> [Work item]: Once the line holding "Box singolo aperto, da" is found in the listing below, write it out and each later line exactly, up to and including the one holding "澳門社會知名人士何鴻燊、曹其".

> [Listed records]:
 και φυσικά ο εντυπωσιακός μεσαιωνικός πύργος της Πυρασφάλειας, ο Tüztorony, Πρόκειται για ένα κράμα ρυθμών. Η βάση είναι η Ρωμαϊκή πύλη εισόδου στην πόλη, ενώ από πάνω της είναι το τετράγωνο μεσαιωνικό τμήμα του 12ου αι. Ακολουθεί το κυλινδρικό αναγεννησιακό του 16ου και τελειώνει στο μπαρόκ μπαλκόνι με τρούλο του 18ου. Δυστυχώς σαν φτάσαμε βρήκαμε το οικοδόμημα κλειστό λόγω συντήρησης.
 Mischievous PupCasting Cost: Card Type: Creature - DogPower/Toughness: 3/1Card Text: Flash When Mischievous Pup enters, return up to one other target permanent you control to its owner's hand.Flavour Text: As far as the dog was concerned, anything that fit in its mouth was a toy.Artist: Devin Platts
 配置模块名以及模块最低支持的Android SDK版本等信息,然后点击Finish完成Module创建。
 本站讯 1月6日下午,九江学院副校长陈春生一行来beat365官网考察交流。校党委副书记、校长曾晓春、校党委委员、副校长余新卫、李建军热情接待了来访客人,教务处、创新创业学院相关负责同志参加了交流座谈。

...

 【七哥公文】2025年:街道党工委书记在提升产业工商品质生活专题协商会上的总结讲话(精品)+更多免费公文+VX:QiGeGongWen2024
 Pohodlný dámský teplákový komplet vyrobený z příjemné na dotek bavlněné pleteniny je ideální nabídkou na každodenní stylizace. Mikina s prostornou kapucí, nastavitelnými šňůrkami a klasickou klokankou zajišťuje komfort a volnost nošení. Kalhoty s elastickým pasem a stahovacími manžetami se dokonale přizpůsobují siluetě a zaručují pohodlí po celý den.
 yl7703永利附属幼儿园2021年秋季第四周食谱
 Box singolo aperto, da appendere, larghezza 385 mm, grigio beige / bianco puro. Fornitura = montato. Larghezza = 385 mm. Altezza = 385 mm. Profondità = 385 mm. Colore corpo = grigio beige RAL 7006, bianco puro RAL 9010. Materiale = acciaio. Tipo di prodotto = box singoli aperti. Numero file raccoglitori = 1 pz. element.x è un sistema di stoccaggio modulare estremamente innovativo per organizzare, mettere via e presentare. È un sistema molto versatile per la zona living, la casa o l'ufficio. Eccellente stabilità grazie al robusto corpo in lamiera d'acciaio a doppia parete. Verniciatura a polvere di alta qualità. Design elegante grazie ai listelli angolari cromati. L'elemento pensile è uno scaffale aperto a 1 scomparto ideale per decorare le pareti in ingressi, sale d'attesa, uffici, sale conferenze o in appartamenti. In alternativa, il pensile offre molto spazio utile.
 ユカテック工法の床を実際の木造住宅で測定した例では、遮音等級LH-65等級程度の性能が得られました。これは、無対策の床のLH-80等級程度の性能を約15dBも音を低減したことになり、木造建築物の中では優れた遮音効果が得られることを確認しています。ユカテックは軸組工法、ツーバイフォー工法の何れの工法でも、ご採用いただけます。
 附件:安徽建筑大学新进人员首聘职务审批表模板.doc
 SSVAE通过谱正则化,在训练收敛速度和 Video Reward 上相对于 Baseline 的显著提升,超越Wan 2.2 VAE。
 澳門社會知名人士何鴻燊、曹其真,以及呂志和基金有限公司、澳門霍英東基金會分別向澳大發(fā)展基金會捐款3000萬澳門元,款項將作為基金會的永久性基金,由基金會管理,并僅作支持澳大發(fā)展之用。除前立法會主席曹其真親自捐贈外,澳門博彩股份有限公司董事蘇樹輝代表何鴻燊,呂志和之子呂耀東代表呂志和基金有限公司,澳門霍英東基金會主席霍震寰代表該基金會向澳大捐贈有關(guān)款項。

> [Written response]:
 Box singolo aperto, da appendere, larghezza 385 mm, grigio beige / bianco puro. Fornitura = montato. Larghezza = 385 mm. Altezza = 385 mm. Profondità = 385 mm. Colore corpo = grigio beige RAL 7006, bianco puro RAL 9010. Materiale = acciaio. Tipo di prodotto = box singoli aperti. Numero file raccoglitori = 1 pz. element.x è un sistema di stoccaggio modulare estremamente innovativo per organizzare, mettere via e presentare. È un sistema molto versatile per la zona living, la casa o l'ufficio. Eccellente stabilità grazie al robusto corpo in lamiera d'acciaio a doppia parete. Verniciatura a polvere di alta qualità. Design elegante grazie ai listelli angolari cromati. L'elemento pensile è uno scaffale aperto a 1 scomparto ideale per decorare le pareti in ingressi, sale d'attesa, uffici, sale conferenze o in appartamenti. In alternativa, il pensile offre molto spazio utile.
 ユカテック工法の床を実際の木造住宅で測定した例では、遮音等級LH-65等級程度の性能が得られました。これは、無対策の床のLH-80等級程度の性能を約15dBも音を低減したことになり、木造建築物の中では優れた遮音効果が得られることを確認しています。ユカテックは軸組工法、ツーバイフォー工法の何れの工法でも、ご採用いただけます。
 附件:安徽建筑大学新进人员首聘职务审批表模板.doc
 SSVAE通过谱正则化,在训练收敛速度和 Video Reward 上相对于 Baseline 的显著提升,超越Wan 2.2 VAE。
 澳門社會知名人士何鴻燊、曹其真,以及呂志和基金有限公司、澳門霍英東基金會分別向澳大發(fā)展基金會捐款3000萬澳門元,款項將作為基金會的永久性基金,由基金會管理,并僅作支持澳大發(fā)展之用。除前立法會主席曹其真親自捐贈外,澳門博彩股份有限公司董事蘇樹輝代表何鴻燊,呂志和之子呂耀東代表呂志和基金有限公司,澳門霍英東基金會主席霍震寰代表該基金會向澳大捐贈有關(guān)款項。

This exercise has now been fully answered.